Of these radiant fluxes, the amount of radiant flux reaching the 200m square sea surface centered on the hull was simulated by the Monte Carlo method. (FIG. 11B).

  As an example of the fish collection lamp according to the present invention, the effect of using a fish collection lamp with an electrodeless plasma lamp as a light source and a power consumption of about 0.5 kW and a total radiant flux of about 128 W was simulated in the same manner as described above. The fishlight has a high ratio of radiant flux reaching the sea surface, and it is estimated that approximately 76% of the radiant flux reaches the sea surface. In order to reach the sea surface with the same amount of radiant flux as that of the metal halide fish lamp described above, 95 fish lamps according to the present invention are required, and the radiant flux of the entire system is 12,119 W (FIG. 11C), of which the sea surface is reached. The radiant flux is 9,190 W (FIG. 11D).

  The power consumption when all of the electrodeless plasma lamps in the above case are turned on is 47.5 kW. From the above, it is expected that the same catching ability will be realized with about 1/3 of the electric power compared to the above metal halide fishing lights. In the trial calculation by simulation, the panel-like light-emitting diode fishing lamp has been estimated to have a sea surface arrival rate of radiant flux of about 30%. Compared with this, it can be said that the fishing lamp according to the present invention is highly efficient.

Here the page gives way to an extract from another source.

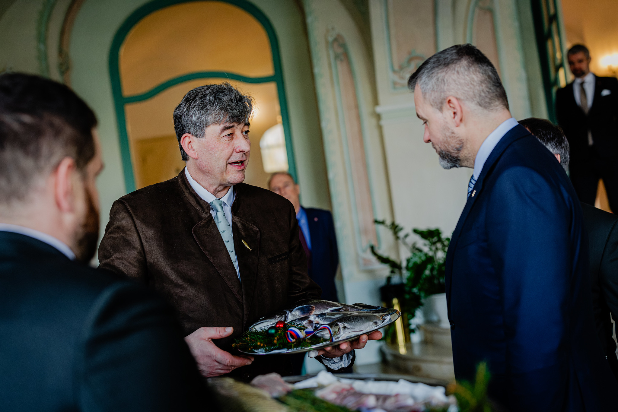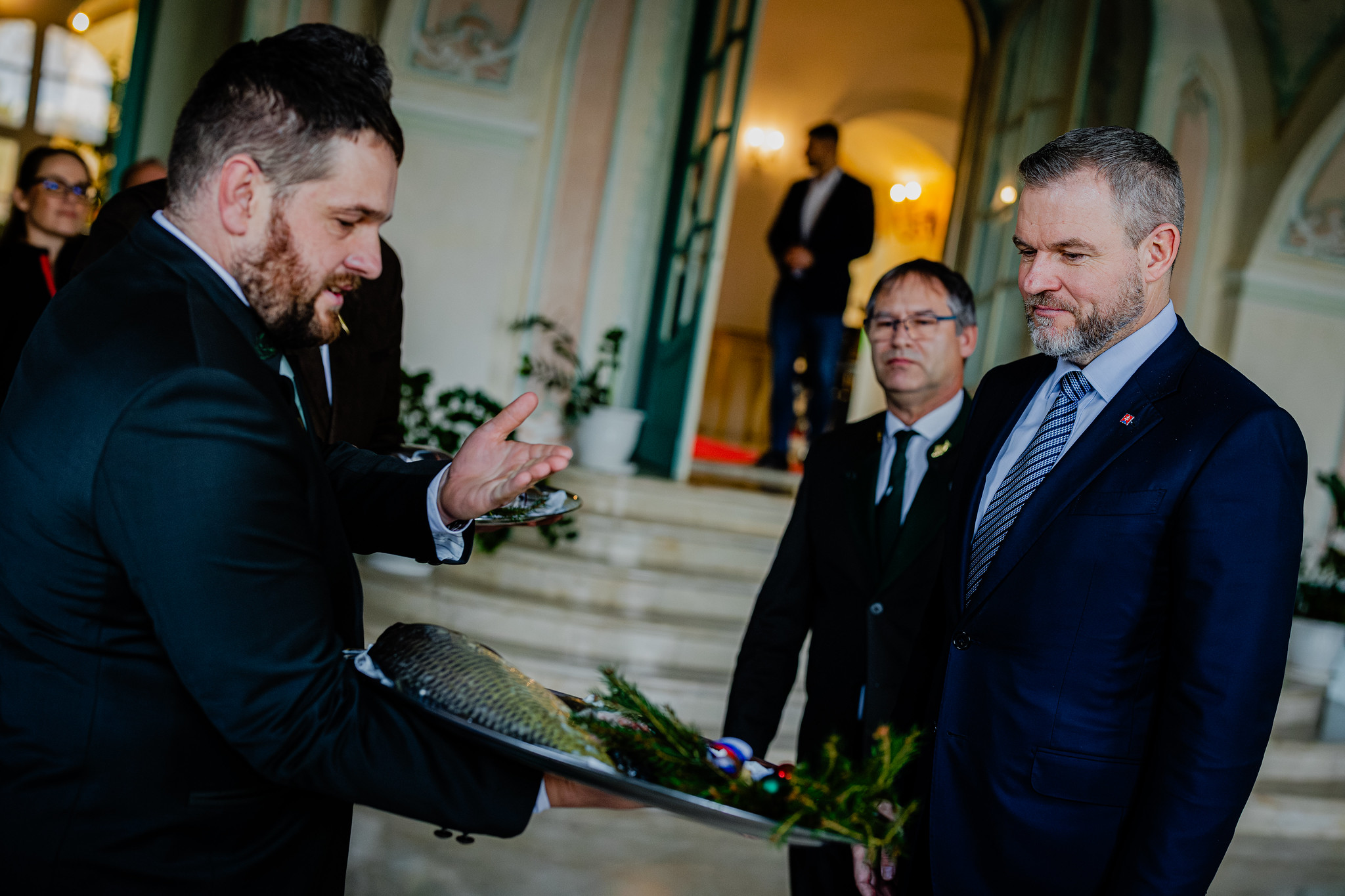 A Szlovákiai Haltenyésztők Szövetségének (SCHRS) képviselői ma az elnöki palotában jelképesen karácsonyi pontyot adtak át Petr Pellegrini államfőnek. Az „elnöki” ponty eredete Gömör vidékére nyúlik vissza, ahol a tavak ideális környezetet biztosítanak ennek a hagyományos halnak az ünnepi asztalra való felneveléséhez.

  The present invention brings about the same effect as a conventional fish-collecting light with low power consumption, and has the effect of reducing the fuel cost, which accounts for a large proportion of the expenditure in the squid fishing fishery, and contributing to management improvement. In addition, since the equipment can be designed relatively compactly, it can be easily equipped on the deck, contributing to the improvement of fishing boat safety, such as lowering the center of gravity and reducing wind pressure resistance.

DESCRIPTION OF SYMBOLS 1 Light source 2 Light distribution control mechanism 3 Light source drive device 4 Transparent glass case 5 Case 6 Heat sink 7 Fish lamp device 8 of this invention Light distribution curve in the plane A of FIG. 1 9 Light distribution curve in the plane B of FIG. Light source (ballastless mercury lamp or electrodeless plasma lamp)
11 platform 12 sea water 13 squid group

Claims (5)

  A fish lamp device installed on a fishing boat, characterized by suppressing light distribution in the sky and the deck direction and enhancing light distribution in the sea surface direction.   A light source, a driving device for turning on the light source, a mechanism for controlling light distribution, a housing including transparent glass for transmitting a light beam, and a heat sink for cooling the light source and the driving device. The fishlight device according to claim 1, further comprising:   3. The fish collecting lamp device according to claim 2, wherein an electrodeless plasma lamp or a laser light source is used as the light source.   The fish collection lamp device according to claim 2, wherein at least one reflector or / and a lens is used as a mechanism for controlling light distribution. The fishlight device according to claim 2, wherein the mechanism for controlling the light distribution forms a maximum light distribution peak in a horizontal direction from the center of the fishlight device.